ACTIVTRADES: Off to a rough start

By CHRIS ILLING

CCO @ ActivTrades Corp

The final trading day of last week started with a huge information (IT) problem that began in Australia and spread worldwide. The disruption affected Windows PCs in several industries, and appears related to the security software supplied by CrowdStrike. The company’s share price fell by around 12 percent as a result.

The global IT outages were also felt in the financial markets. Oil and energy traders were just as affected as stock, currency and bond traders from London to Frankfurt, and Munich to Singapore. 

After the first turmoil of the day, Netflix started off the next quarterly earnings report and was able to increase the number of paying clients. Revenue rose by around 17 percent year-on-year to $9.6bn in the past quarter, Netflix announced after the close of the US stock market. The bottom line is that profits rose from $1.49bn to just under $2.15bn.

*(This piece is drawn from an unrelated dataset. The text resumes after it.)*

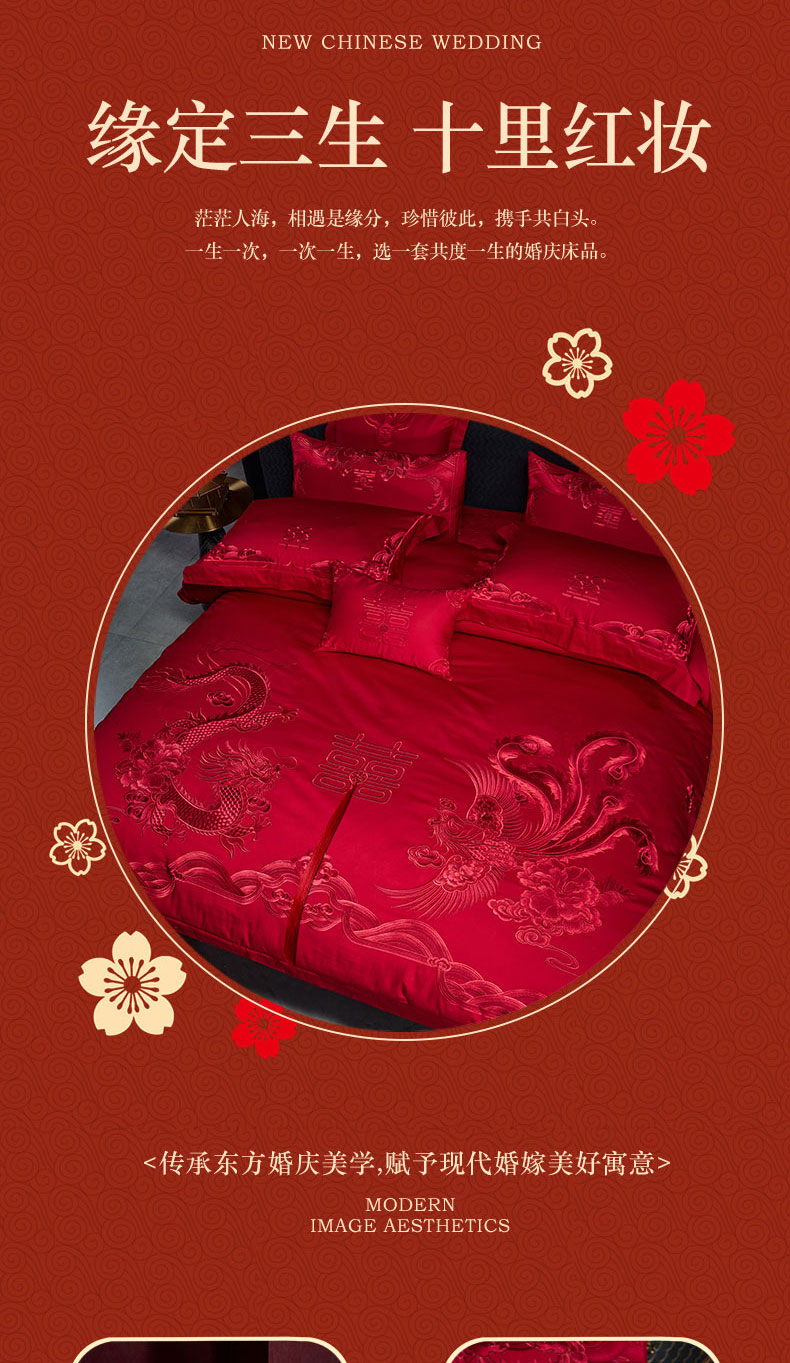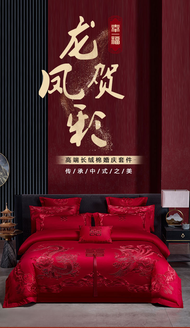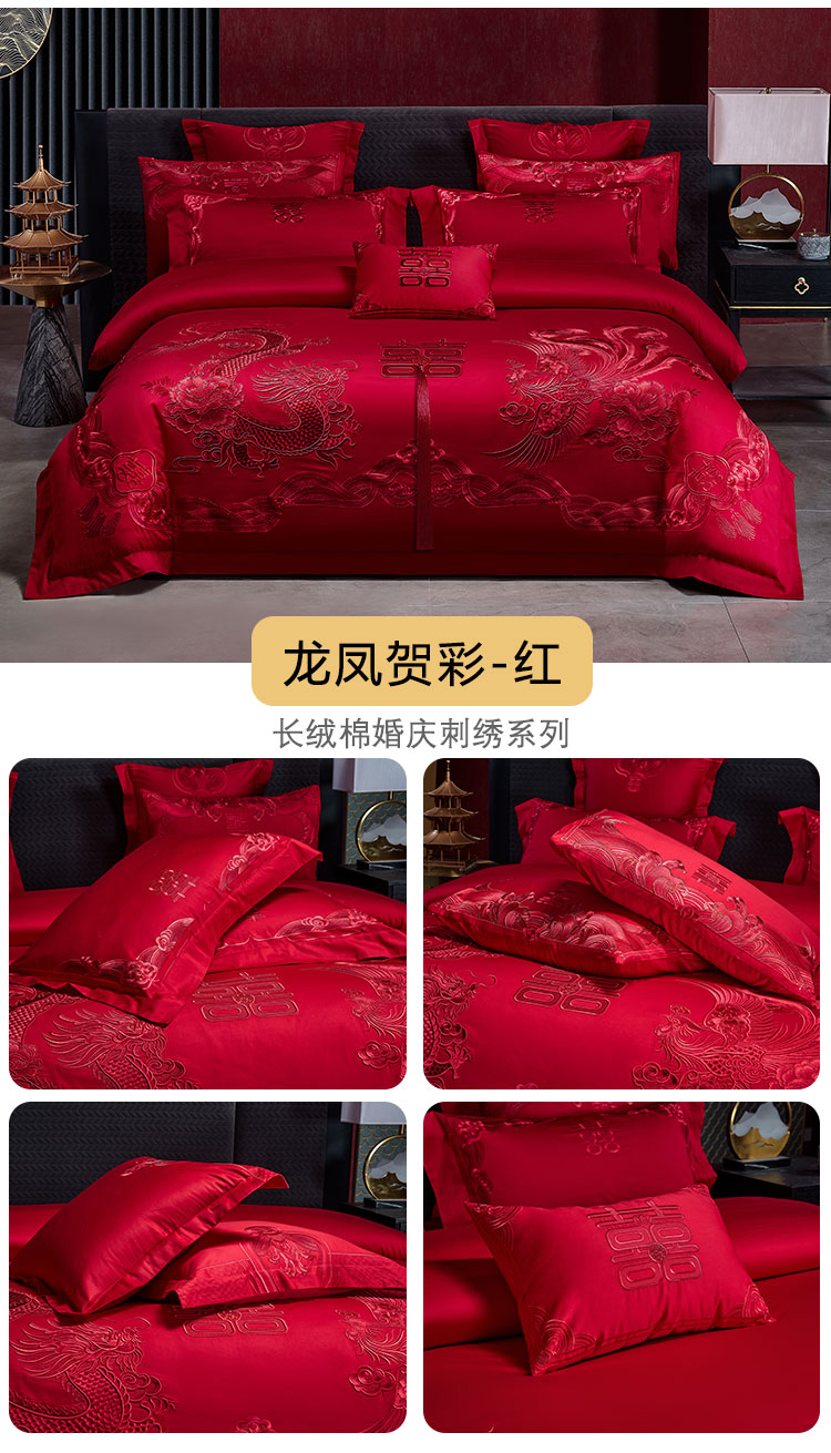 当前位置: 91家纺网 > 商品网购 > 床品套件 > 四件套 > 婚庆四件套 > 芊囍纺 2024新款高端双面长绒棉婚庆套件四件套多件套 龙凤贺彩-红

Only in the revenue forecast for the current quarter does Netflix slightly miss analyst expectations. At the same time, the streaming leader is predicting that the growth in the number of customers would be lower than in the same quarter last year, as the action against the free riders had been strongly reflected at that time. This bit of bad news was enough to drive the share price down by around 2 percent to $632 per share.

Netflix now has around 277.7m customer households worldwide. Since last year, the service has been taking action against password sharing. This is also driving the growth of user numbers. This is because many previous freeloaders got their own subscription instead of turning their backs on Netflix.

Netflix continues to grow unchecked and wants to snatch more viewers away from classic television. In the past quarter, the video streaming market leader gained a good eight million customer households. There were also significant increases in revenue and profit, and the company will have more money to invest in new films and series.

Netflix faces the unique challenge of designing a program for more than 600m people who use the service for an average of several hours a day, as co-chief executive Ted Sarandos emphasised. The streaming giant therefore spends around $17bn per year on series, films and live broadcasts. And the amount will increase with sales growth. Netflix has recently experimented more with live events, and is also venturing into the expensive sports broadcast business with two games of the American National Football League (NFL) at Christmas.